● Stored data:
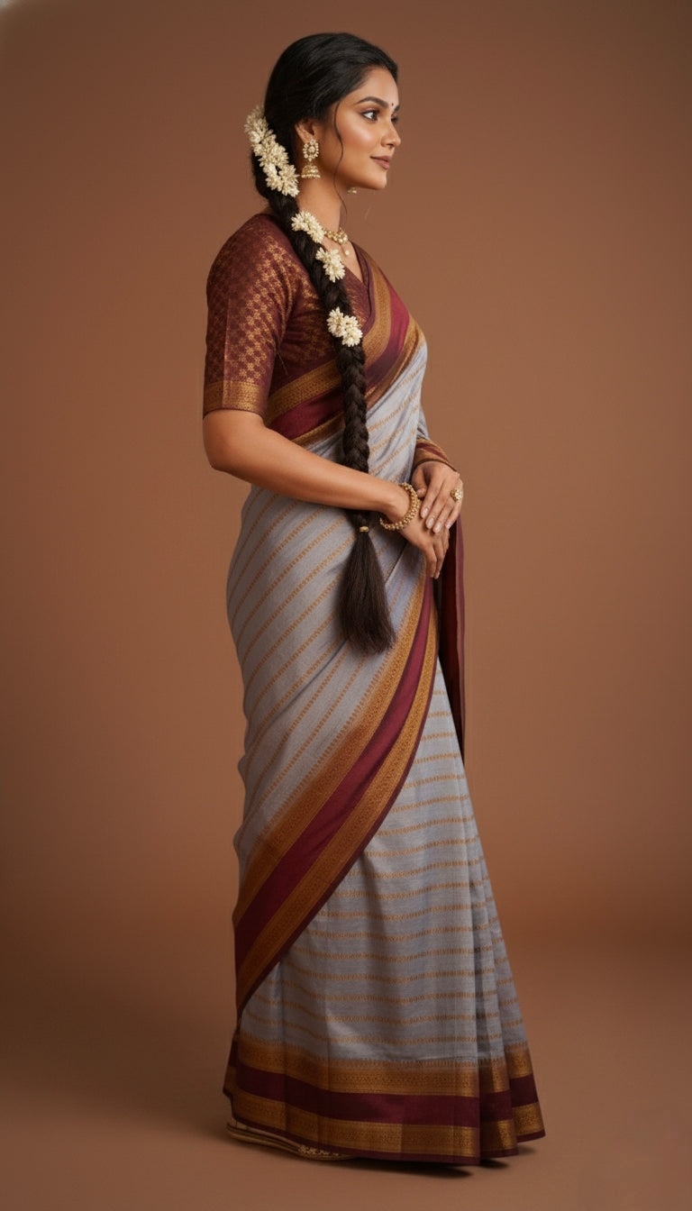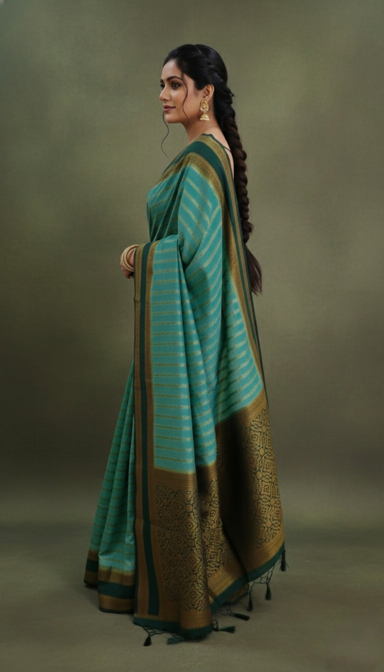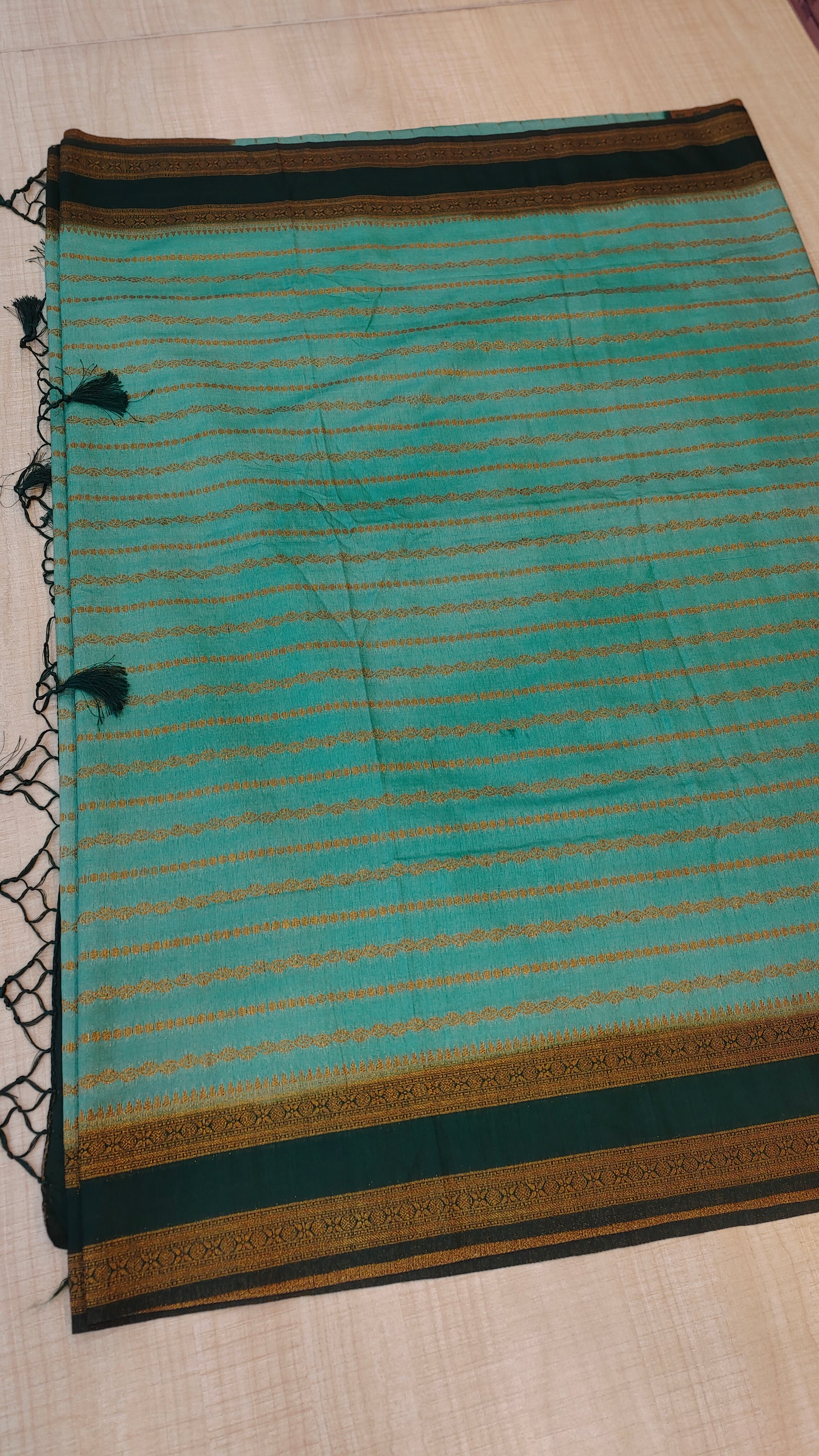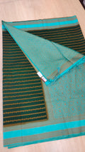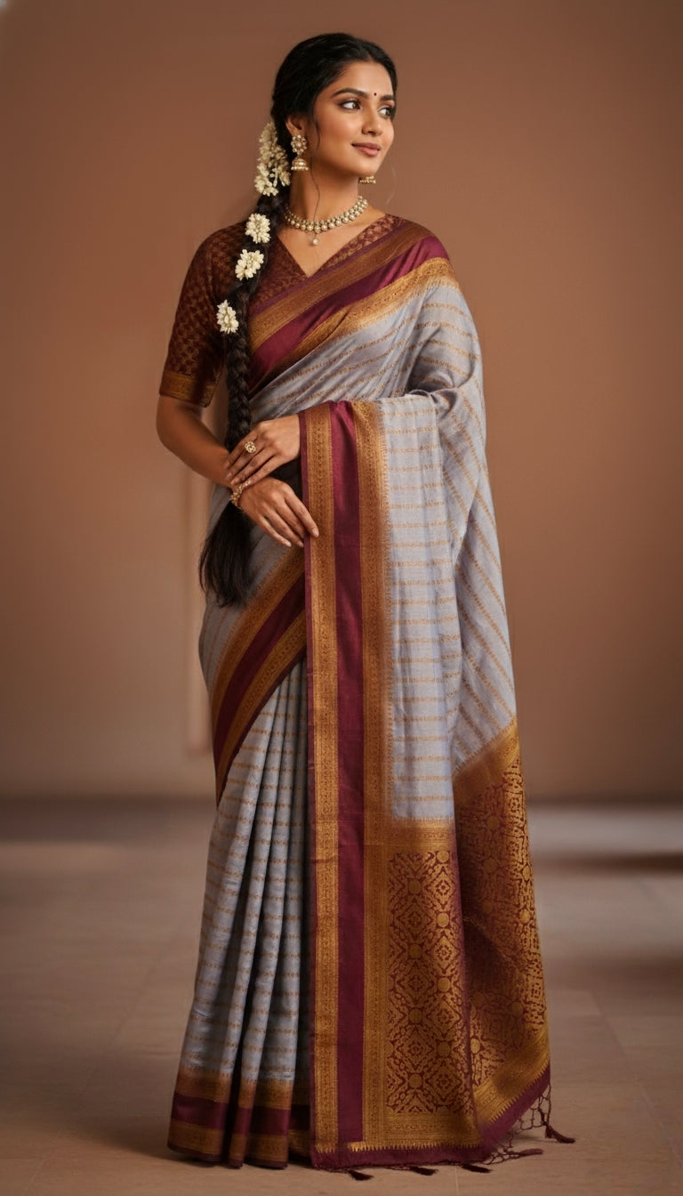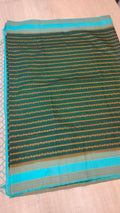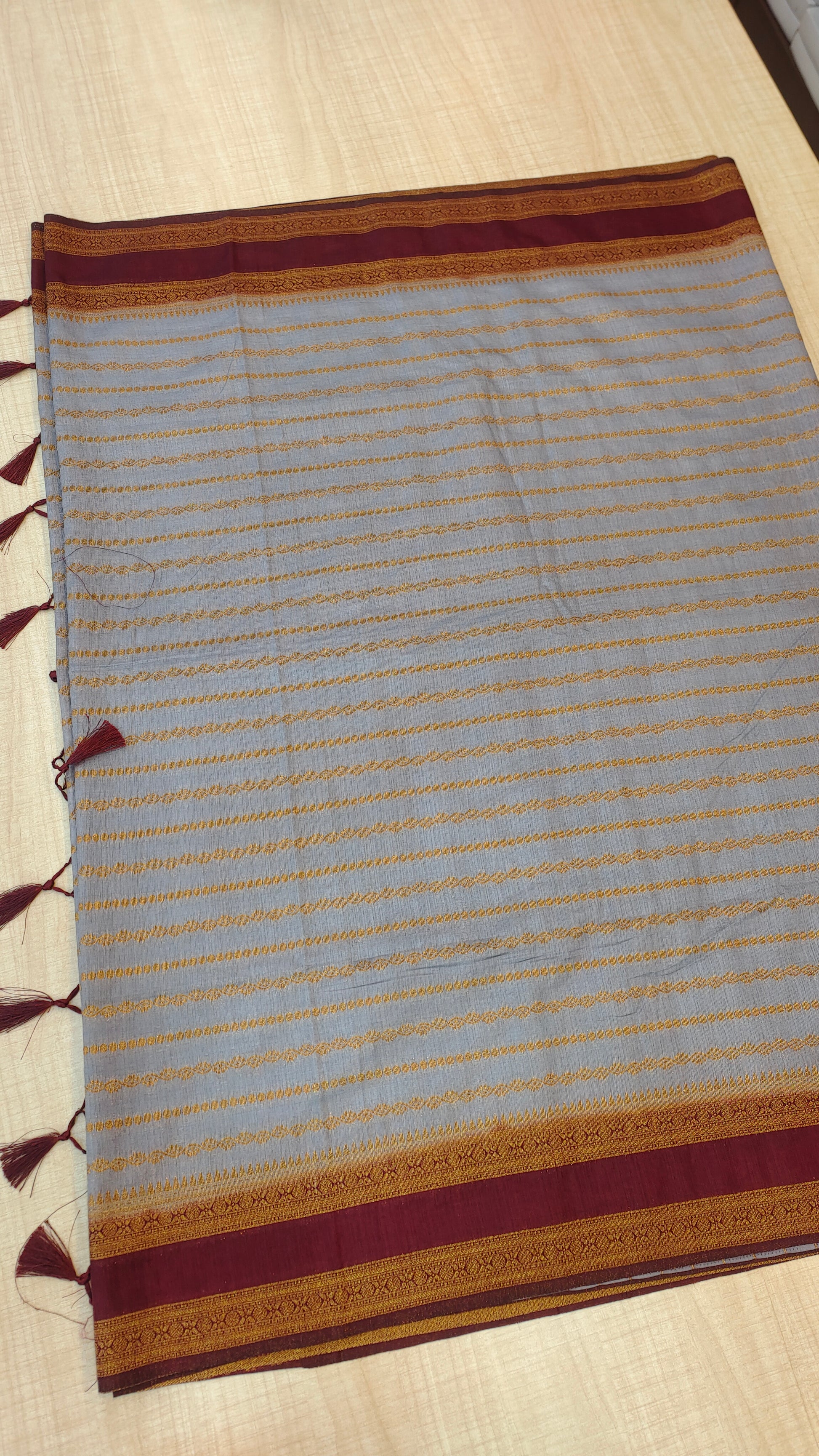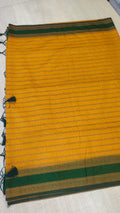 Design : The saree features elegant vertical zari stripes woven in gold giving it graceful and refined look.
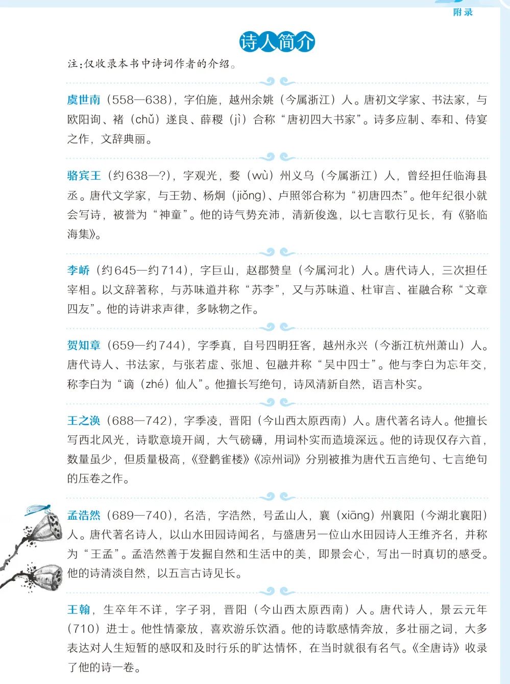 文学文化常识、古诗词索引、诗人介绍,方便拓展阅读
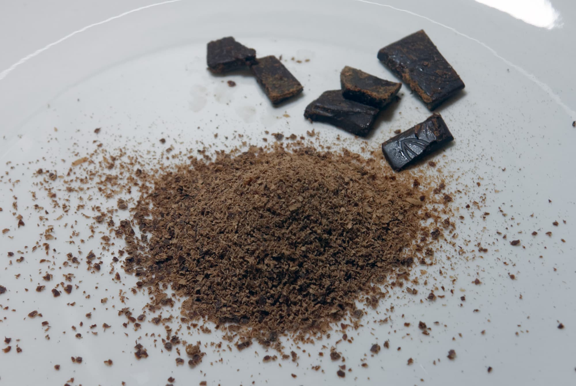 Измельчение шоколада с помощью ручной терки может стать довольно неприятной задачей. Во-первых, шоколад так и норовит сломаться. Во-вторых, он быстро начинает таять в руках. Электрическая терка позволяет решить обе эти проблемы. Мы взяли плитку шоколада, слегка заморозили ее в морозилке, после чего натерли на самой мелкой терке.

● Description of the task: Where a picture appears, skip it and copy the rest of the data word for word.

● Expected output:
 Design : The saree features elegant vertical zari stripes woven in gold giving it graceful and refined look.
 文学文化常识、古诗词索引、诗人介绍,方便拓展阅读
 Измельчение шоколада с помощью ручной терки может стать довольно неприятной задачей. Во-первых, шоколад так и норовит сломаться. Во-вторых, он быстро начинает таять в руках. Электрическая терка позволяет решить обе эти проблемы. Мы взяли плитку шоколада, слегка заморозили ее в морозилке, после чего натерли на самой мелкой терке.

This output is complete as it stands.